§ **What you are asked to do**: From the first line to the last, return the data exactly, with no pictures.

Saved data entries:
+++
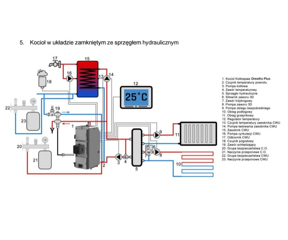 Schemat do oceny kocioł Pelletowy na sprzęgle
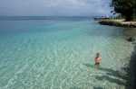 Nach einigen Tagen gelingt es Thomas die Crew zu überzeugen, dass es im Süden der Insel einen weiteren schönen und besser gegen Wind geschützen Ankerplatz gibt. Nur muss man an manchen Flachstellen vorbei, der Weg dorthin sei betont. An den flachen Stellen stellt Natalya sich wieder an den Bug und hält Ausschau. Doch die Beurteilung, ob die durch das klare Wasser durchscheinenden Steine und Korallen tief genug liegen fällt, ihr alles andere als leicht. Nach der letzten Flachstelle atmet wir auf. Immerhin haben wir an der flachsten Stelle nur ca. 1 Meter Wasser unter dem Kiel.
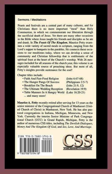 Feasts and festivals are a central part of many cultures, and for Christians there is no more important "meal" than Holy Communion, in which we commemorate our liberation through the sacrificial death of Jesus. Yet there are many other occasions in the Bible where Jesus taught his friends and disciples as he ate and drank. In The Feasts Of The Kingdom, Maurice Fetty examines a wide variety of sacred meals in scripture, ranging from the Lord's supper to banquets in the parables. He connects these occasions to our mealtimes today, where we can develop a sense of community and Christian fellowship that is emblematic of the spiritual feast at the heart of the church's worship. With 26 messages included for all seasons of the church year, this volume is an especially valuable source of preaching ideas. But most of all, Fetty's insights provide sustenance for the soul! Chapter titles include: • Faith and Fast-Food Religion (John 6:67-68) • The Hunger Pangs of Success (Philippians 2:5-7) • Breakfast on the Beach (John 21:9, 12) • The Ultimate Wedding Reception (Revelation 19:9) • Table Manners in a Hungry World (Luke 16:20-21) ... and many more! Maurice A. Fetty recently retired after serving for thirteen years as the senior minister of the Congregational Church of Manhasset (United Church of Christ) in Manhasset, New York. He has also pastored congregations in Indiana, Michigan, Minnesota, and New York. Currently the interim Senior Minister of Park Congregational Church (UCC) in Grand Rapids, Michigan, Fetty is the author of numerous CSS titles, including The Devilish Dialogues, Money And The Kingdom Of God, and Sex, Love, And Marriage.
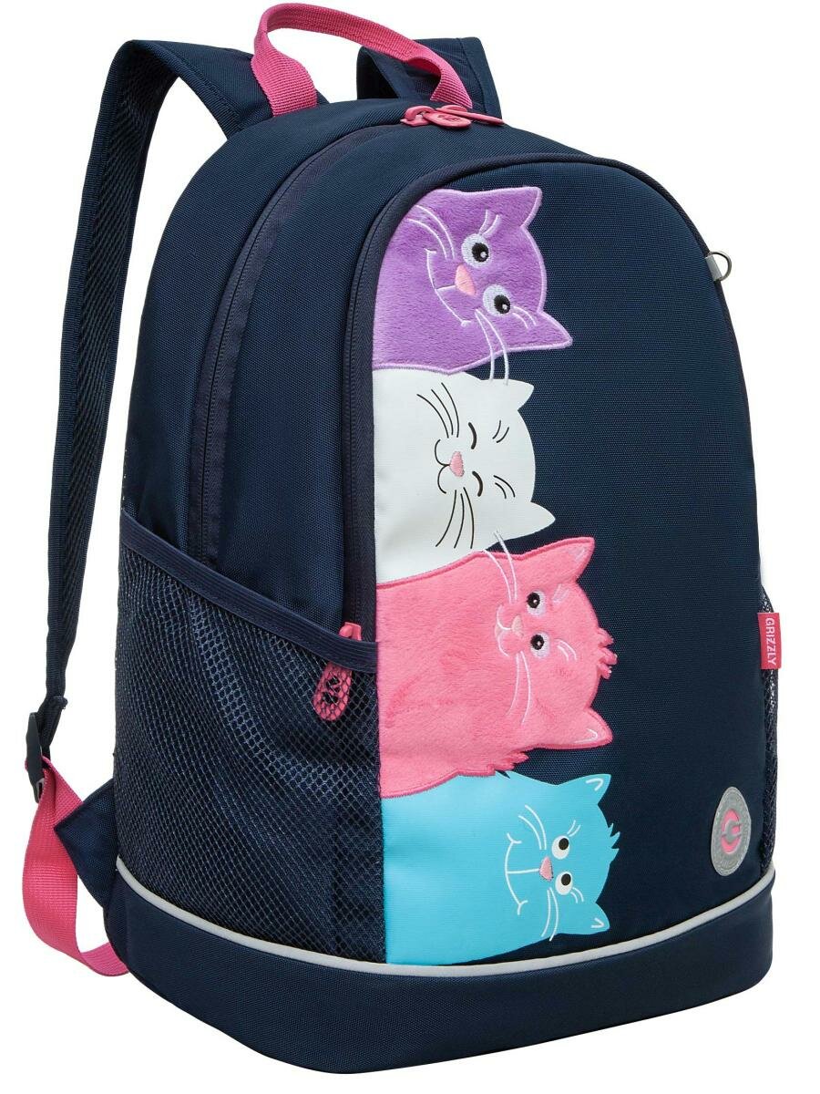 Рюкзак GRIZZLY школьный, анатомическая спинка, 2 отделения, для девочек, FRIENDS CATS, 38х28х18 см, RG-463-6/2
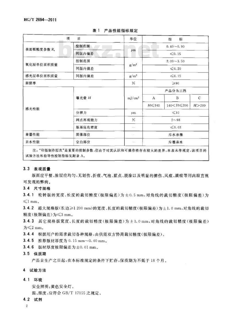 HG/T 2694适用于经粗化和阳极氧化处理过的铝板基为支持体的阳图型PS版,适用于接触曝光的真空晒版机、连晒机和自动显影机及手工冲洗加工工艺。
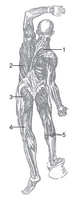 б – сзади: 1 — трапециевидная мышца; 2 – широчайшая мышца спины; 3 – большая ягодичная мышца; 4 — двуглавая мышца бедра; 5 – икроножная мышца
+++
§ **Answer to this exercise**:
 Schemat do oceny kocioł Pelletowy na sprzęgle
 Nach einigen Tagen gelingt es Thomas die Crew zu überzeugen, dass es im Süden der Insel einen weiteren schönen und besser gegen Wind geschützen Ankerplatz gibt. Nur muss man an manchen Flachstellen vorbei, der Weg dorthin sei betont. An den flachen Stellen stellt Natalya sich wieder an den Bug und hält Ausschau. Doch die Beurteilung, ob die durch das klare Wasser durchscheinenden Steine und Korallen tief genug liegen fällt, ihr alles andere als leicht. Nach der letzten Flachstelle atmet wir auf. Immerhin haben wir an der flachsten Stelle nur ca. 1 Meter Wasser unter dem Kiel.
 Feasts and festivals are a central part of many cultures, and for Christians there is no more important "meal" than Holy Communion, in which we commemorate our liberation through the sacrificial death of Jesus. Yet there are many other occasions in the Bible where Jesus taught his friends and disciples as he ate and drank. In The Feasts Of The Kingdom, Maurice Fetty examines a wide variety of sacred meals in scripture, ranging from the Lord's supper to banquets in the parables. He connects these occasions to our mealtimes today, where we can develop a sense of community and Christian fellowship that is emblematic of the spiritual feast at the heart of the church's worship. With 26 messages included for all seasons of the church year, this volume is an especially valuable source of preaching ideas. But most of all, Fetty's insights provide sustenance for the soul! Chapter titles include: • Faith and Fast-Food Religion (John 6:67-68) • The Hunger Pangs of Success (Philippians 2:5-7) • Breakfast on the Beach (John 21:9, 12) • The Ultimate Wedding Reception (Revelation 19:9) • Table Manners in a Hungry World (Luke 16:20-21) ... and many more! Maurice A. Fetty recently retired after serving for thirteen years as the senior minister of the Congregational Church of Manhasset (United Church of Christ) in Manhasset, New York. He has also pastored congregations in Indiana, Michigan, Minnesota, and New York. Currently the interim Senior Minister of Park Congregational Church (UCC) in Grand Rapids, Michigan, Fetty is the author of numerous CSS titles, including The Devilish Dialogues, Money And The Kingdom Of God, and Sex, Love, And Marriage.
 Рюкзак GRIZZLY школьный, анатомическая спинка, 2 отделения, для девочек, FRIENDS CATS, 38х28х18 см, RG-463-6/2
 HG/T 2694适用于经粗化和阳极氧化处理过的铝板基为支持体的阳图型PS版,适用于接触曝光的真空晒版机、连晒机和自动显影机及手工冲洗加工工艺。
 б – сзади: 1 — трапециевидная мышца; 2 – широчайшая мышца спины; 3 – большая ягодичная мышца; 4 — двуглавая мышца бедра; 5 – икроножная мышца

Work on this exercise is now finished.